Ecosyste.ms: Awesome

An open API service indexing awesome lists of open source software.

Awesome Lists | Featured Topics | Projects

https://github.com/4paradigm/openembedding

OpenEmbedding is an open source framework for Tensorflow distributed training acceleration.
https://github.com/4paradigm/openembedding

distributed-training embedding-layers model-parallel parameter-server tensorflow tensorflow-training

Last synced: 2 months ago
JSON representation

OpenEmbedding is an open source framework for Tensorflow distributed training acceleration.

Awesome Lists containing this project

README

        

# OpenEmbedding

[![build status](https://github.com/4paradigm/openembedding/actions/workflows/build.yml/badge.svg)](https://github.com/4paradigm/openembedding/actions/workflows/build.yml)
[![docker pulls](https://img.shields.io/docker/pulls/4pdosc/openembedding.svg)](https://hub.docker.com/r/4pdosc/openembedding)
[![python version](https://img.shields.io/pypi/pyversions/openembedding.svg?style=plastic)](https://badge.fury.io/py/openembedding)
[![pypi package version](https://badge.fury.io/py/openembedding.svg)](https://badge.fury.io/py/openembedding)
[![downloads](https://pepy.tech/badge/openembedding)](https://pepy.tech/project/openembedding)
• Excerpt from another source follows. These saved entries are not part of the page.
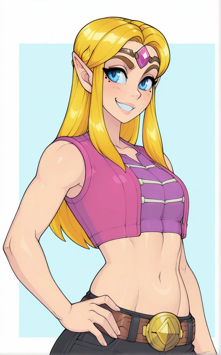 ILLUSTXL_STYLE_Shardanic_ownwaifu, 1girl, blonde hair, circlet, hand on hip, long hair, midriff, navel, pointy ears, smile, princess zelda, blue eyes, belt, grin, vest, mole under eye, crop top, tiara, forehead jewel, sleeveless, hand on own hip, cosplay, elfIf you appreciate the models, please consider leaving us a review and sharing the images generated using this model. Your feedback is valuable to both us and the AI community. Happy prompting, AI enthusiasts!π
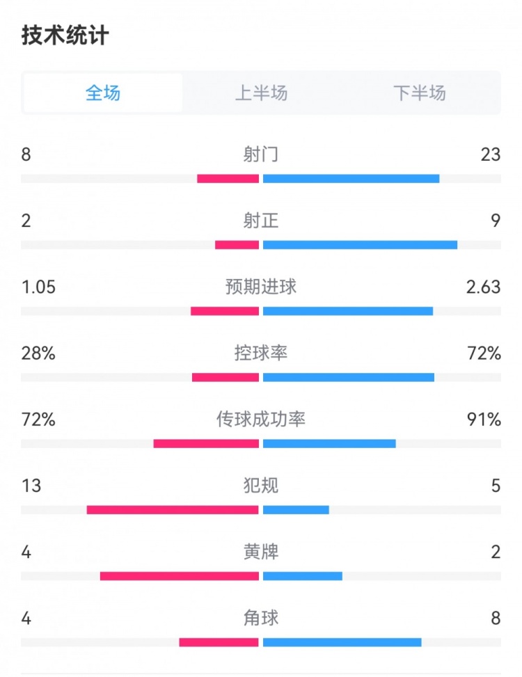 埃弗顿1-3曼城数据对比:射门8-23,预期进球1.05-2.63
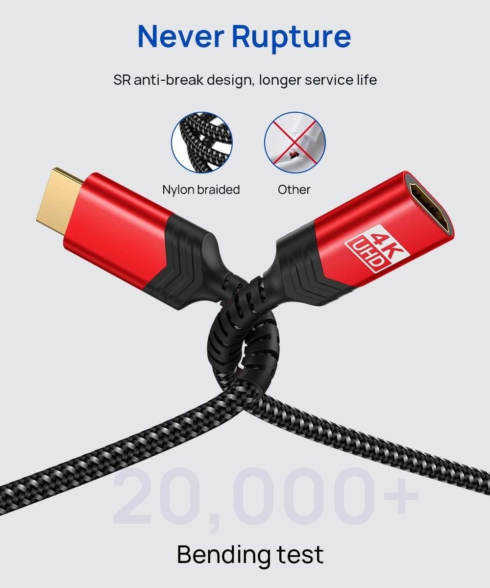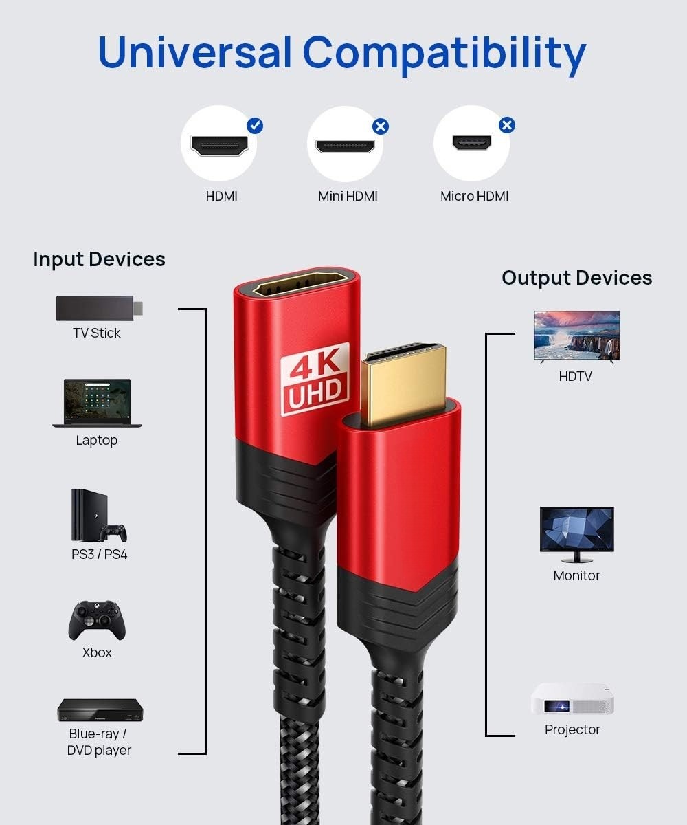Widely Compatibility: HDMI male to female extender can extend the connection between UHD TV, HDTV, monitor, projector or other display and HDMI source devices such as TV stick, DVD/Blu-ray players, PS4/PS3, computers, etc.

English version | [中文版](README_cn.md)

## About

**OpenEmbedding is an open-source framework for TensorFlow distributed training acceleration.**

Nowadays, many machine learning and deep learning applications are built based on parameter servers, which are used to efficiently store and update model weights. When a model has a large number of sparse features (e.g., Wide&Deep and DeepFM for CTR prediction), the number of weights easily runs into billions to trillions. In such a case, the tradition synchronization solutions (such as the Allreduce-based solution adopted by Horovod) are unable to achieve high-performance because of massive communication overhead introduced by a tremendous number of sparse features. In order to achieve efficiency for such sparse models, we develop OpenEmbedding, which enhances the parameter server especially for the sparse model training and inference.

## Highlights

Efficiency
- We propose an efficient customized sparse format to handle sparse features. Together with our fine-grained optimization, such as cache-conscious algorithms, asynchronous cache read and write, and lightweight locks to maximize parallelism. OpenEmbedding is able to achieve the performance speedup of 3-8x compared with the Allreduce-based solution on a single machine equipped with 8 GPUs for sparse model training.

Ease-of-use
- We have integrated OpenEmbedding into Tensorflow. Only three lines of code changes are required to utilize OpenEmbedding in Tensorflow for both training and inference.

Adaptability
- In addition to Tensorflow, it is straightforward to integrate OpenEmbedding into other popular frameworks. We have demonstrated the integration with DeepCTR and Horovod in the examples.

## Benchmark

![benchmark](documents/images/benchmark.png)

For models that contain sparse features, it is difficult to speed up using the Allreduce-based framework Horovod. Using both OpenEmbedding and Horovod can get better acceleration effects. In the single 8 GPU scene, the speedup ratio is 3 to 8 times. Many models achieved 3 to 7 times the performance of Horovod.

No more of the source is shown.